* _ACTIVITY_:
The pictures in the listing below are to be skipped, while the lines between the line holding "ファーストリテイリングの『統" and the line holding "Bu yazıda 2026", inclusive, are to be output exactly.

* _SUPPLIED DATA_:

========================================================================

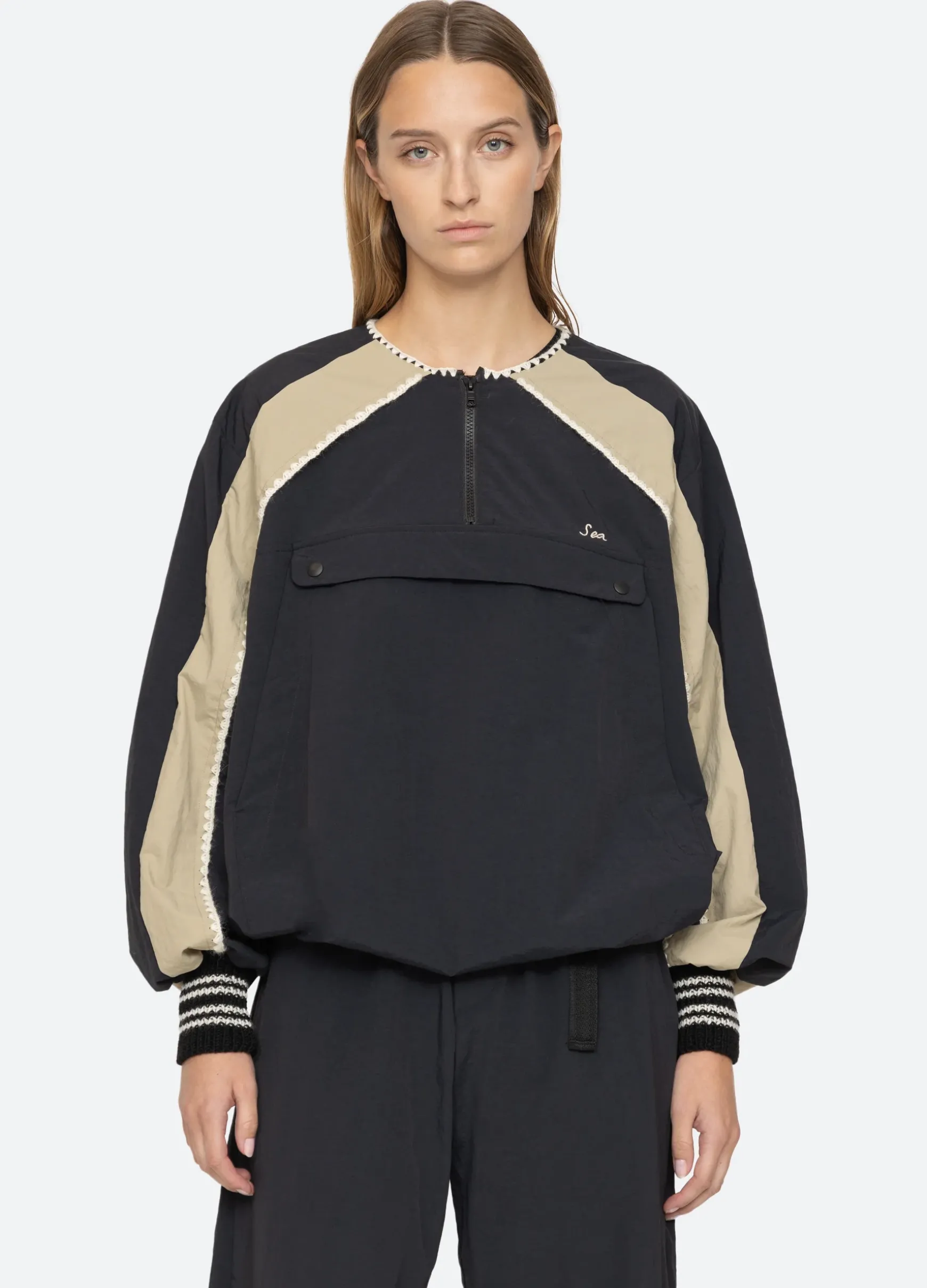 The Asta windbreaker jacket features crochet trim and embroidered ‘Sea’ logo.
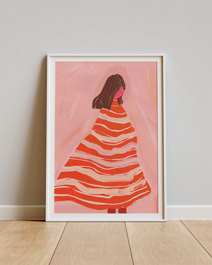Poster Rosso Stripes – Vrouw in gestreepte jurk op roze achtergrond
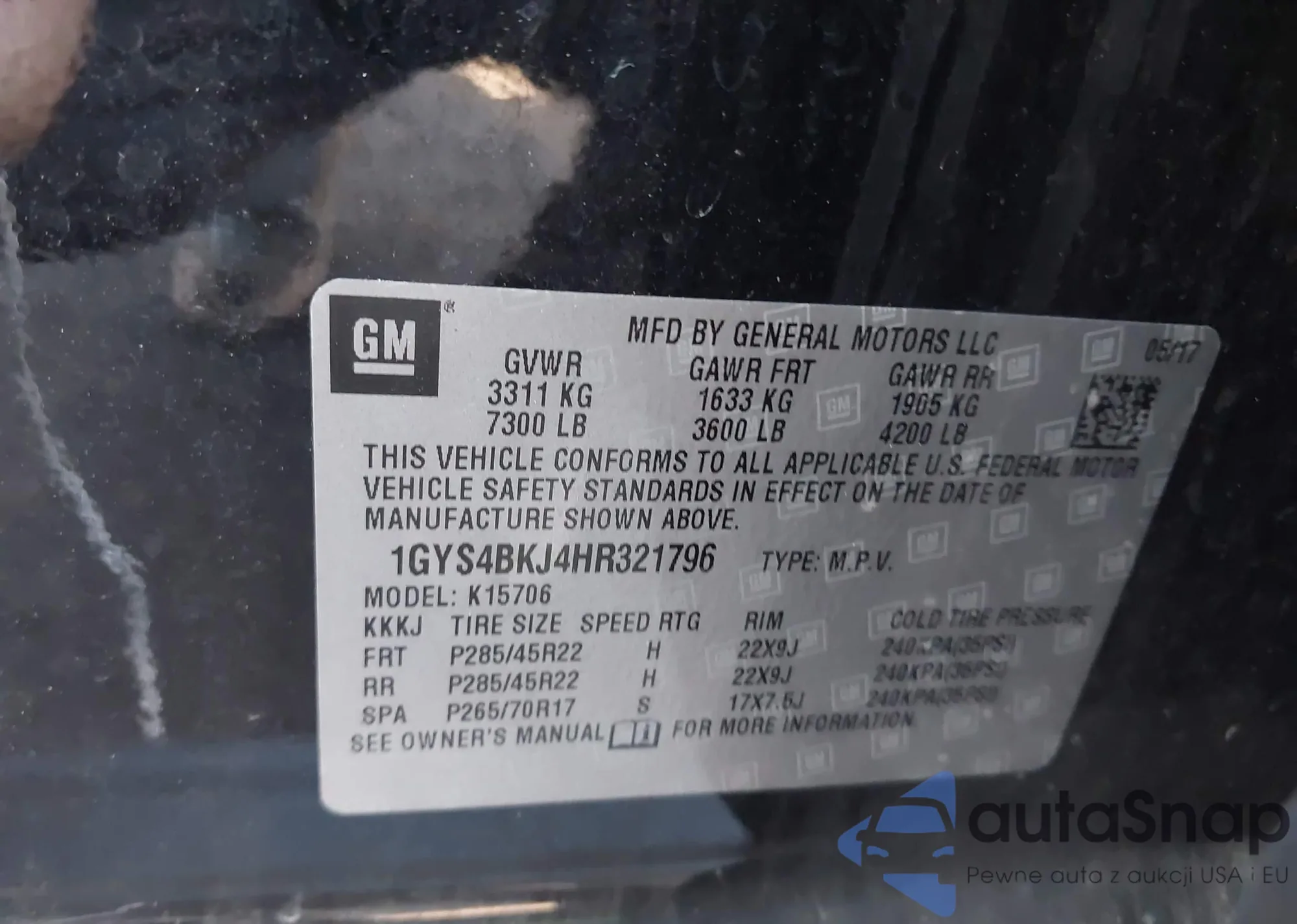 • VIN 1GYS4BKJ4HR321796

========================================================================

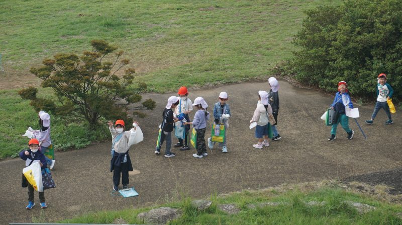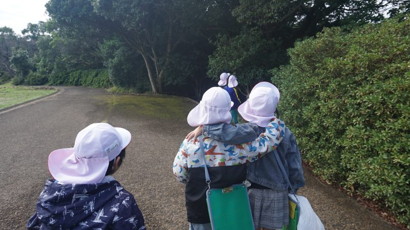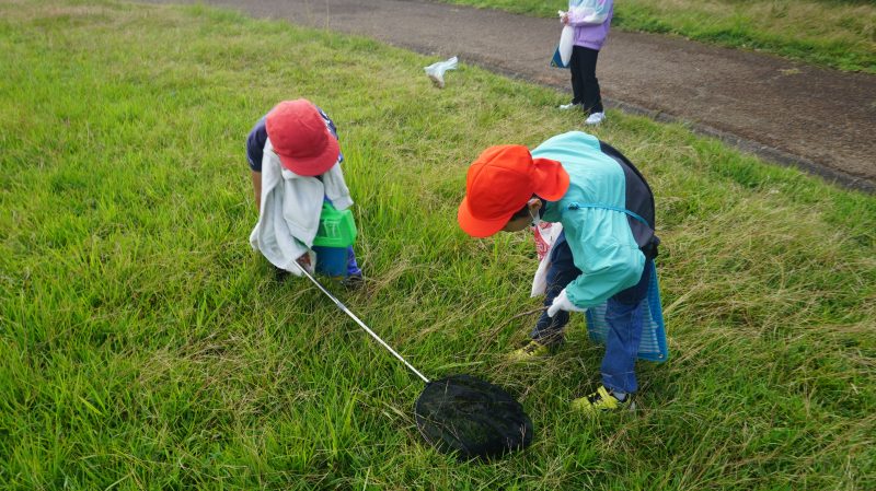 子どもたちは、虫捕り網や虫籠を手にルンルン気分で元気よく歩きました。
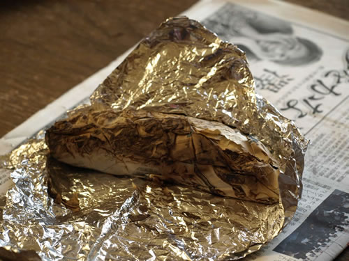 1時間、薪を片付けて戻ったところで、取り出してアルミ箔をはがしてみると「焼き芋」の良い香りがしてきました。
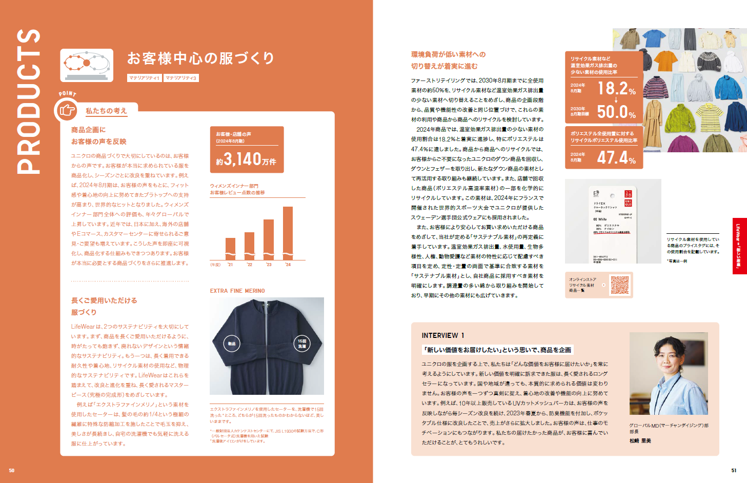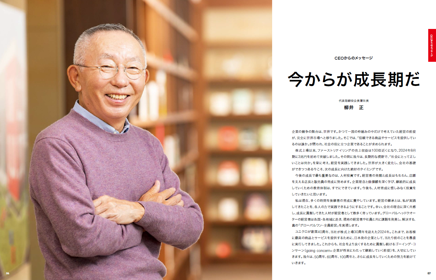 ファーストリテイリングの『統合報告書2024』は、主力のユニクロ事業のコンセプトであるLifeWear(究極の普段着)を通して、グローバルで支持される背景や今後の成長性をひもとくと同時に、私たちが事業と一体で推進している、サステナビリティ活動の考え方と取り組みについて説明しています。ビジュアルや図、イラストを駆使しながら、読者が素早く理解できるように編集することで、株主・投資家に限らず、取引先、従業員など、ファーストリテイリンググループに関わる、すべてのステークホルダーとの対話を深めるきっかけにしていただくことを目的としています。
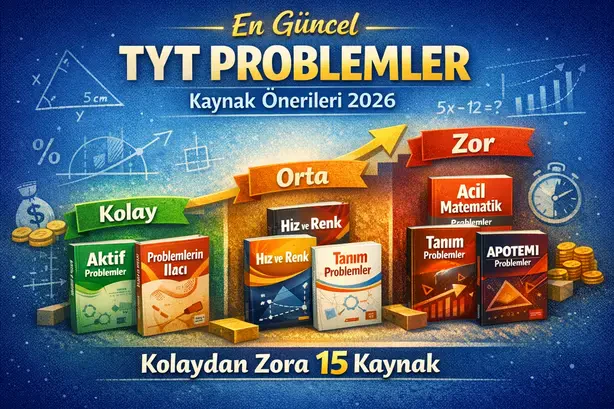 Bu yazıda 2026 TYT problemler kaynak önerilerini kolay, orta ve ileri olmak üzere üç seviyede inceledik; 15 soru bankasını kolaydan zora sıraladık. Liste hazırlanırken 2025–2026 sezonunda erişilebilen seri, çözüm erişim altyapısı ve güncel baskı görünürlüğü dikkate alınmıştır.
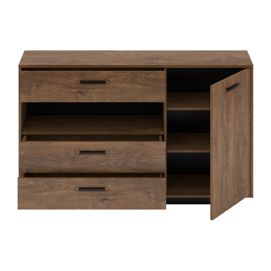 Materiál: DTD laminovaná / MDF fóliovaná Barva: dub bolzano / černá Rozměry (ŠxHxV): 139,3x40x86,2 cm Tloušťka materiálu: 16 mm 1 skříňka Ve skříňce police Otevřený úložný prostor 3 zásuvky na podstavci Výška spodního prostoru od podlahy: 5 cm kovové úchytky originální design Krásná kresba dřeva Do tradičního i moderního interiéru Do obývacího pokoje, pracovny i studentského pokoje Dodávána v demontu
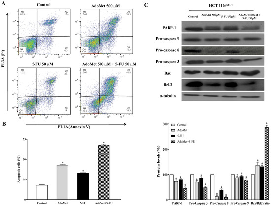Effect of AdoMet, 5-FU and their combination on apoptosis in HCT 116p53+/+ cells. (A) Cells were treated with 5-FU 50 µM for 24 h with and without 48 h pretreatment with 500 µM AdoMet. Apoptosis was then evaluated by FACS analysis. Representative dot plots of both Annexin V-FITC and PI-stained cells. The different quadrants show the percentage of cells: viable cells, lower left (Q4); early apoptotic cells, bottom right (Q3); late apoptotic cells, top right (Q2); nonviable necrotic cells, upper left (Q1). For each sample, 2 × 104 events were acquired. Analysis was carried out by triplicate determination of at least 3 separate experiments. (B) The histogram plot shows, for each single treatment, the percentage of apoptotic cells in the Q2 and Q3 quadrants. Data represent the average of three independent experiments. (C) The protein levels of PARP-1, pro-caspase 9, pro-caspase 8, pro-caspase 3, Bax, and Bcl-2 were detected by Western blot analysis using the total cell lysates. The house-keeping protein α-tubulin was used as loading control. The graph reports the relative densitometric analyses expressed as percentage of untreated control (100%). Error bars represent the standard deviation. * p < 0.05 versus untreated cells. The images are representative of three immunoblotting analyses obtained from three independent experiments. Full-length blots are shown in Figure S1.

========================================================================

* _YOUR SOLUTION_:
 ファーストリテイリングの『統合報告書2024』は、主力のユニクロ事業のコンセプトであるLifeWear(究極の普段着)を通して、グローバルで支持される背景や今後の成長性をひもとくと同時に、私たちが事業と一体で推進している、サステナビリティ活動の考え方と取り組みについて説明しています。ビジュアルや図、イラストを駆使しながら、読者が素早く理解できるように編集することで、株主・投資家に限らず、取引先、従業員など、ファーストリテイリンググループに関わる、すべてのステークホルダーとの対話を深めるきっかけにしていただくことを目的としています。
 Bu yazıda 2026 TYT problemler kaynak önerilerini kolay, orta ve ileri olmak üzere üç seviyede inceledik; 15 soru bankasını kolaydan zora sıraladık. Liste hazırlanırken 2025–2026 sezonunda erişilebilen seri, çözüm erişim altyapısı ve güncel baskı görünürlüğü dikkate alınmıştır.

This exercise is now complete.